The affirmation of HDFC Bank‘s ratings with a stable outlook reflects India’s favorable operating environment, which offers the bank an opportunity to further strengthen its market position, it said.
“The bank’s diversified loan portfolio and above-industry-average profitability will support its internal capital generation and strong solvency,” Moody’s said. “Its strong retail franchise, access to low-cost deposits and sufficient holdings of liquid government securities will support its funding and liquidity.” HDFC Bank’s annualized return on assets for the quarter ended March 2024 was 1.8%, compared with the industry average of 1.3%.
The bank’s profitability has declined post-merger with its parent HDFC Limited last year because of HDFC Limited’s lower NIMs as a mortgage financier with lower asset yields and higher funding costs.
Also, costs associated with meeting the Reserve Bank of India’s liquidity norms, including the cash reserve ratio and statutory liquidity ratio, have marginally reduced its profitability.
“Its near-term margins will likely be rangebound because of competition on the lending and deposit side,” Moody’s said. “Its profitability will improve over the next few years as it replaces high-cost wholesale funding with deposits and recoups the share of low-cost current and savings accounts in its total deposit base. “
HDFC Bank’s asset quality will remain broadly stable, supported by India’s healthy economic momentum and the bank’s diversified loan portfolio and strong risk management, the rating agency said.
The private lender’s gross and net nonperforming loan (NPL) ratios were 1.27% and 0.34%, respectively, lower than the systemwide gross NPL ratio of 2.8% as of 31 March 2024.“The bank will likely maintain adequate internal accruals to maintain its solvency,” Moody’s said. Its consolidated core equity tier 1 ratio of 16.1% as of the end of March 2024 will provide a comfortable cushion against unexpected risks. HDFC Bank’s capitalization is the highest among the Indian banks we rate.”

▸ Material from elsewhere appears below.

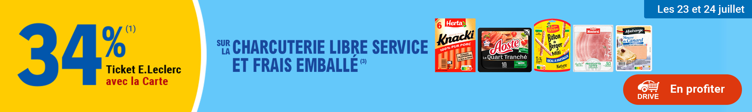 Auteur Sujet: Leclerc : 34% en ticket charcuterie libre service/frais emballé (23/7 - 24/7)  (Lu 891 fois)

Moody’s also said that HDFC Bank will continue to have stable funding and liquidity, with most of its funding coming from retail deposits, including low-cost current and savings account deposits.
Moody’s also said that an upgrade to HDFC Bank’s deposit ratings and baseline credit assessment is unlikely because they are at the same level as India’s sovereign rating.

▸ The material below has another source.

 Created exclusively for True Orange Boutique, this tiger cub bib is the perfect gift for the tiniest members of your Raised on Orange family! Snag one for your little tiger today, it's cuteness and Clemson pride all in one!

“We would downgrade HDFC Bank’s ratings if India’s sovereign rating is downgraded or if the BCA is downgraded by more than one notch,” the rating agency said. “A downgrade of HDFC Bank’s BCA is likely if the bank’s financial fundamentals deteriorate significantly, for instance if its tangible common equity/risk-weighted assets decline to below 10.5% or if its asset quality weakens materially.”